● **Record excerpts**
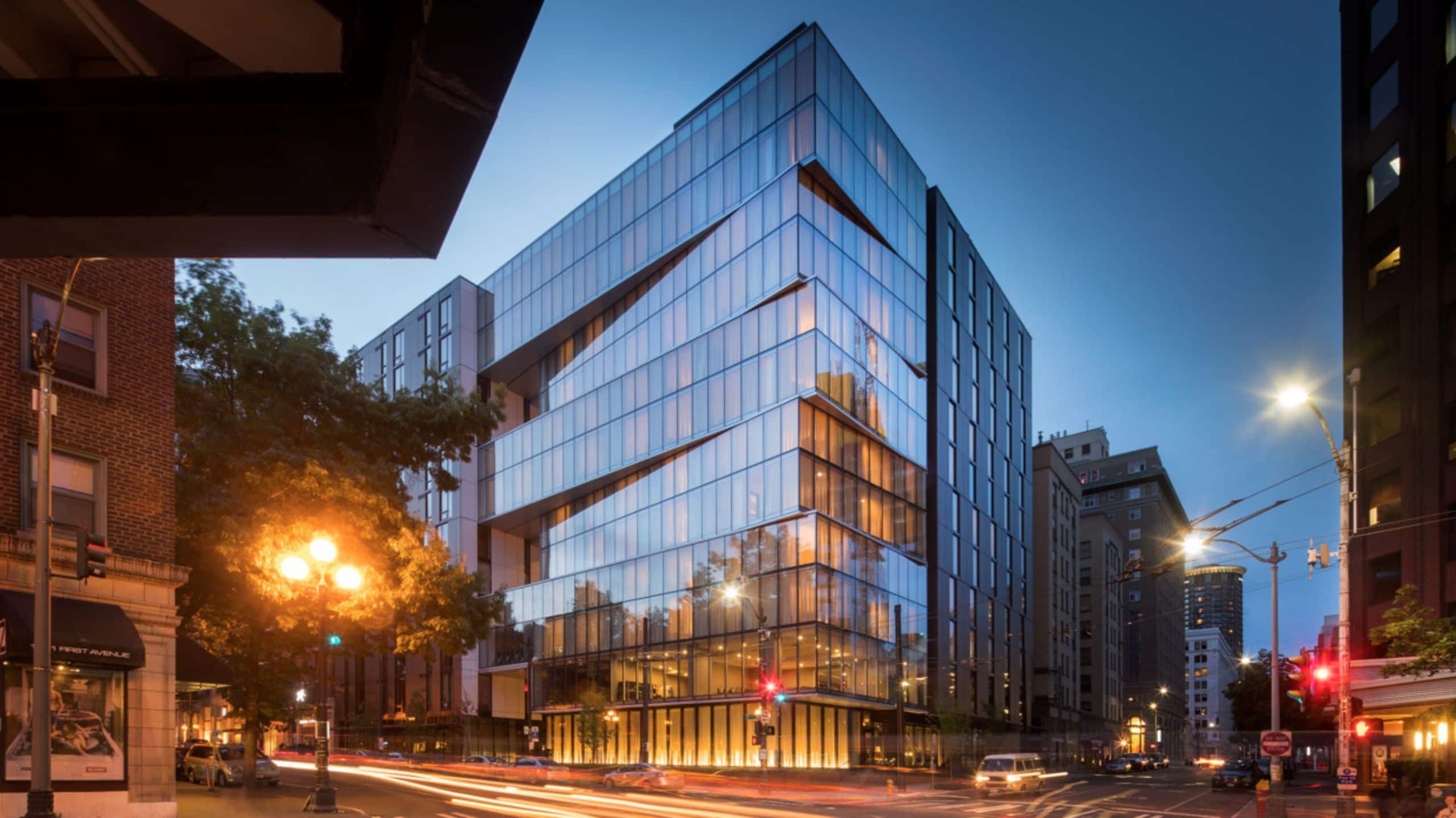 Where geometric glass architecture meets Pacific Northwest sophistication, Thompson Seattle commands downtown's cultural epicenter with Olson Kundig's striking 12-story design that captures the city's creative spirit and commanding waterfront views. Opened in 2016, Thompson Seattle represents the Thompson Hotels brand's pioneering arrival in the Pacific Northwest, embodying the collection's signature ethos of "Culture Lives Here." Designed by renowned Seattle architectural firm Olson Kundig, this boutique luxury hotel features a distinctive geometric glass structure that resembles stacked, misaligned blocks—a bold architectural statement that mirrors the irregular street grid below. Studio Munge and Jensen Fey crafted interiors that blend minimalist modernism with reclaimed Pacific Northwest materials, creating spaces that feel both refined and authentically local. The property has quickly established itself as a cultural hub for Seattle's creative community, attracting artists, entrepreneurs, and discerning travelers seeking meaningful connections. Thompson Seattle's 158 guestrooms showcase midcentury modern design philosophy across 30 unique floor plans, ensuring no two stays feel identical. Eight corner studios and two suites feature expansive floor-to-ceiling windows that frame panoramic vistas of Puget Sound and the Olympic Mountains, while marble-clad bathrooms with rain showers provide spa-like sanctuaries. Water Corner Studios and Water View Studio Suites offer double exposures for maximum natural light and sweeping waterfront perspectives. Custom 400-thread-count Sferra linens dress plush beds, while D.S. & Durga bathroom amenities and curated honor bars featuring local craft beer reflect the hotel's commitment to supporting regional artisans. Smart TV technology and hardwood floors complete the sophisticated yet comfortable aesthetic. Scout restaurant, operated by Huxley Wallace Collective, delivers culinary experiences that celebrate Pacific Northwest ingredients and innovative techniques. The crown jewel remains Nest rooftop bar and lounge, accommodating 250 guests across indoor and outdoor spaces complete with firepits and unobstructed city views. Over 5,000 square feet of meeting space includes the distinctive open-air courtyard, accessible from both street and alley, creating unique venues for corporate gatherings and social events. While Thompson Seattle doesn't house a traditional spa, in-room treatments through local providers maintain the wellness focus, and 24-hour room service ensures seamless hospitality. For luxury travelers seeking Seattle's most culturally connected address, Thompson Seattle offers an unparalleled base for exploring Pike Place Market, waterfront museums, and the city's thriving arts scene. Book water-view accommodations on the seventh floor or above for unobstructed Puget Sound vistas, and consider visiting during summer months when the rooftop experience reaches its peak. En Primeur Club members enjoy exclusive upgrade opportunities and personalized concierge services.
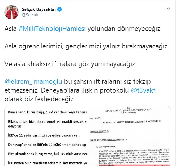 Sosyal medya hesabından belge paylaşarak İBB Başkanı Ekrem İmamoğlu'na çağrıda bulunan Bayraktar, ''Asla Milli Teknoloji hamlesi yolundan dönmeyeceğiz Asla öğrencilerimizi, gençlerimizi yalnız bırakmayacağız. Ve asla ahlaksız iftiralara göz yummayacağız @ekrem_imamoglu bu şahsın iftiralarını siz tekzip etmezseniz, Deneyap’lara ilişkin protokolü @t3vakfi olarak biz feshedeceğiz.'' ifadelerini kullandı.
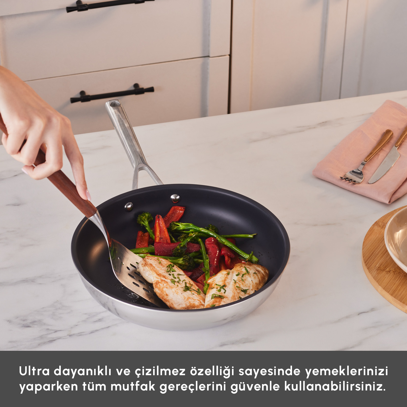 İndüksiyon tabanlı yapısı sayesinde indüksiyon dahil tüm ocak tiplerinde ve fırında kullanıma uygundur. Üç katmanlı gövdesi, ısıyı eşit şekilde dağıtarak pilav ve karnıyarık gibi yemeklerde ideal pişirme performansı sağlar. Bulaşık makinesinde yıkanabilir ve yapışmaz çelik yüzeyi sayesinde yalnızca ıslak bir bezle bile kolayca temizlenebilir.
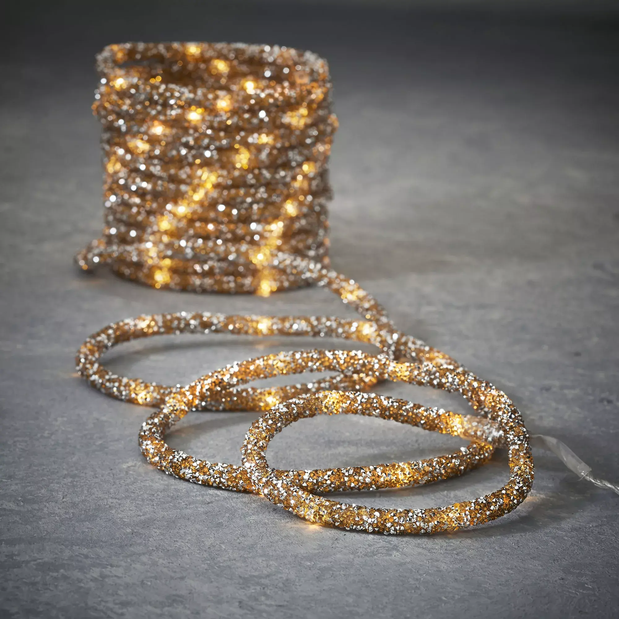 Светодиодная гирлянда имеет 8 функций свечения и подходит для наружного и внутреннего использования. Гирлянда состоит из 100 светодиодных лампочек, длина гирлянды с лампочками 5 метров, длина провода от розетки до лампочек 3 метра. Расстояние между лампочками 5 см.
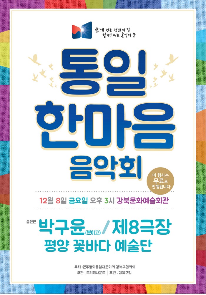 [부자동네타임즈 이병도 기자]민주평화통일자문회의 서울강북구협의회(회장 김상언)가 오는 8일(금) 오후 3시 강북문화예술회관 대공연장에서 ‘통일 한마음 음악회’를 개최한다.
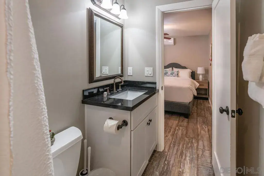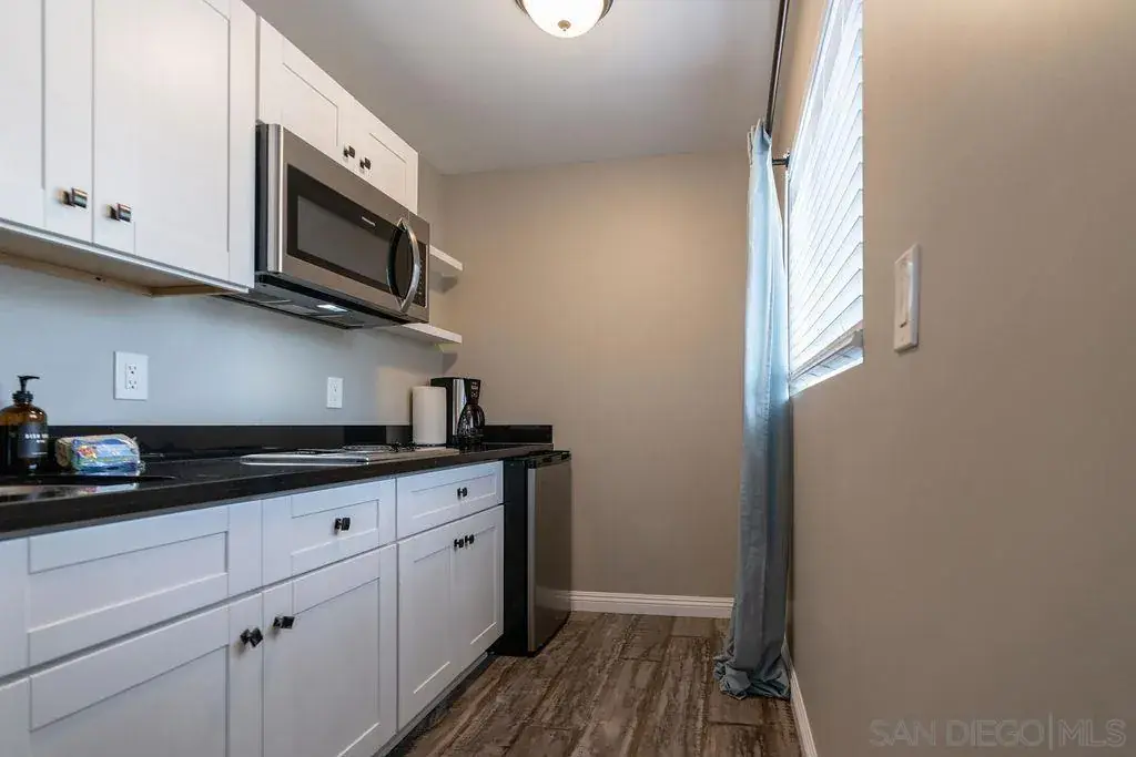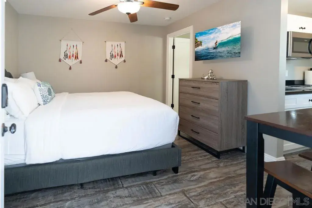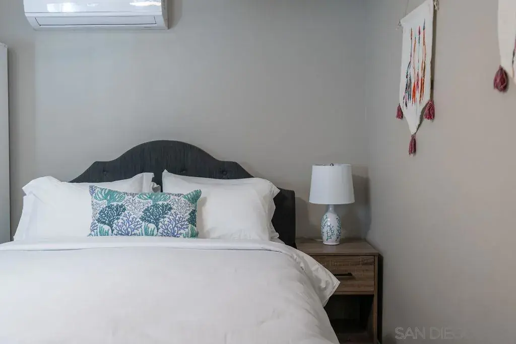 Surfside Studio, Steps to Ocean, Adorable remodeled studio, walking distance to the ocean in beloved, Pacific Beach! Experience the charm of our beachside haven while making unforgettable memories in this tranquil and inviting setting! Please note: this is a true studio with no separate bedroom.Highlights of this cozy abode include a comfortable queen bed, a ceiling fan and A/C to keep you refreshed, small high-top table with 2 stools, plus a flat-screen, Smart TV to watch your favorite movies and shows. You’ll appreciate the sleek kitchenette, complete with a mini refrigerator, 2-burner stove, microwave, and coffee maker. Freshen up in the combo tub/shower after a day at the beach or exploring the nearby attractions. Right outside your door, you’ll discover a small patio area with a bistro table with seating for two. There is also an outdoor BBQ and a stacked washer and dryer on-site for your convenience. We understand that pets are part of the family, so feel free to bring your furry friends along for the adventure. This studio is within walking distance to the beach, so you can easily spend your days lounging in the sun, swimming in the ocean, or taking romantic sunset strolls along the shoreline. Sleeping Accommodations (Maximum 2 guests): Studio: 1 Queen Bed Pets ok with approval and pet fee applied. Guests will have access to the entire studio, but please note there are other units on the property. You can also rent each unit separately or together as a compound. 30 day minimum rental.

● **Task description**
All entries need to be duplicated exactly, apart from the images.

● **Final answer**
 Where geometric glass architecture meets Pacific Northwest sophistication, Thompson Seattle commands downtown's cultural epicenter with Olson Kundig's striking 12-story design that captures the city's creative spirit and commanding waterfront views. Opened in 2016, Thompson Seattle represents the Thompson Hotels brand's pioneering arrival in the Pacific Northwest, embodying the collection's signature ethos of "Culture Lives Here." Designed by renowned Seattle architectural firm Olson Kundig, this boutique luxury hotel features a distinctive geometric glass structure that resembles stacked, misaligned blocks—a bold architectural statement that mirrors the irregular street grid below. Studio Munge and Jensen Fey crafted interiors that blend minimalist modernism with reclaimed Pacific Northwest materials, creating spaces that feel both refined and authentically local. The property has quickly established itself as a cultural hub for Seattle's creative community, attracting artists, entrepreneurs, and discerning travelers seeking meaningful connections. Thompson Seattle's 158 guestrooms showcase midcentury modern design philosophy across 30 unique floor plans, ensuring no two stays feel identical. Eight corner studios and two suites feature expansive floor-to-ceiling windows that frame panoramic vistas of Puget Sound and the Olympic Mountains, while marble-clad bathrooms with rain showers provide spa-like sanctuaries. Water Corner Studios and Water View Studio Suites offer double exposures for maximum natural light and sweeping waterfront perspectives. Custom 400-thread-count Sferra linens dress plush beds, while D.S. & Durga bathroom amenities and curated honor bars featuring local craft beer reflect the hotel's commitment to supporting regional artisans. Smart TV technology and hardwood floors complete the sophisticated yet comfortable aesthetic. Scout restaurant, operated by Huxley Wallace Collective, delivers culinary experiences that celebrate Pacific Northwest ingredients and innovative techniques. The crown jewel remains Nest rooftop bar and lounge, accommodating 250 guests across indoor and outdoor spaces complete with firepits and unobstructed city views. Over 5,000 square feet of meeting space includes the distinctive open-air courtyard, accessible from both street and alley, creating unique venues for corporate gatherings and social events. While Thompson Seattle doesn't house a traditional spa, in-room treatments through local providers maintain the wellness focus, and 24-hour room service ensures seamless hospitality. For luxury travelers seeking Seattle's most culturally connected address, Thompson Seattle offers an unparalleled base for exploring Pike Place Market, waterfront museums, and the city's thriving arts scene. Book water-view accommodations on the seventh floor or above for unobstructed Puget Sound vistas, and consider visiting during summer months when the rooftop experience reaches its peak. En Primeur Club members enjoy exclusive upgrade opportunities and personalized concierge services.
 Sosyal medya hesabından belge paylaşarak İBB Başkanı Ekrem İmamoğlu'na çağrıda bulunan Bayraktar, ''Asla Milli Teknoloji hamlesi yolundan dönmeyeceğiz Asla öğrencilerimizi, gençlerimizi yalnız bırakmayacağız. Ve asla ahlaksız iftiralara göz yummayacağız @ekrem_imamoglu bu şahsın iftiralarını siz tekzip etmezseniz, Deneyap’lara ilişkin protokolü @t3vakfi olarak biz feshedeceğiz.'' ifadelerini kullandı.
 İndüksiyon tabanlı yapısı sayesinde indüksiyon dahil tüm ocak tiplerinde ve fırında kullanıma uygundur. Üç katmanlı gövdesi, ısıyı eşit şekilde dağıtarak pilav ve karnıyarık gibi yemeklerde ideal pişirme performansı sağlar. Bulaşık makinesinde yıkanabilir ve yapışmaz çelik yüzeyi sayesinde yalnızca ıslak bir bezle bile kolayca temizlenebilir.
 Светодиодная гирлянда имеет 8 функций свечения и подходит для наружного и внутреннего использования. Гирлянда состоит из 100 светодиодных лампочек, длина гирлянды с лампочками 5 метров, длина провода от розетки до лампочек 3 метра. Расстояние между лампочками 5 см.
 [부자동네타임즈 이병도 기자]민주평화통일자문회의 서울강북구협의회(회장 김상언)가 오는 8일(금) 오후 3시 강북문화예술회관 대공연장에서 ‘통일 한마음 음악회’를 개최한다.
 Surfside Studio, Steps to Ocean, Adorable remodeled studio, walking distance to the ocean in beloved, Pacific Beach! Experience the charm of our beachside haven while making unforgettable memories in this tranquil and inviting setting! Please note: this is a true studio with no separate bedroom.Highlights of this cozy abode include a comfortable queen bed, a ceiling fan and A/C to keep you refreshed, small high-top table with 2 stools, plus a flat-screen, Smart TV to watch your favorite movies and shows. You’ll appreciate the sleek kitchenette, complete with a mini refrigerator, 2-burner stove, microwave, and coffee maker. Freshen up in the combo tub/shower after a day at the beach or exploring the nearby attractions. Right outside your door, you’ll discover a small patio area with a bistro table with seating for two. There is also an outdoor BBQ and a stacked washer and dryer on-site for your convenience. We understand that pets are part of the family, so feel free to bring your furry friends along for the adventure. This studio is within walking distance to the beach, so you can easily spend your days lounging in the sun, swimming in the ocean, or taking romantic sunset strolls along the shoreline. Sleeping Accommodations (Maximum 2 guests): Studio: 1 Queen Bed Pets ok with approval and pet fee applied. Guests will have access to the entire studio, but please note there are other units on the property. You can also rent each unit separately or together as a compound. 30 day minimum rental.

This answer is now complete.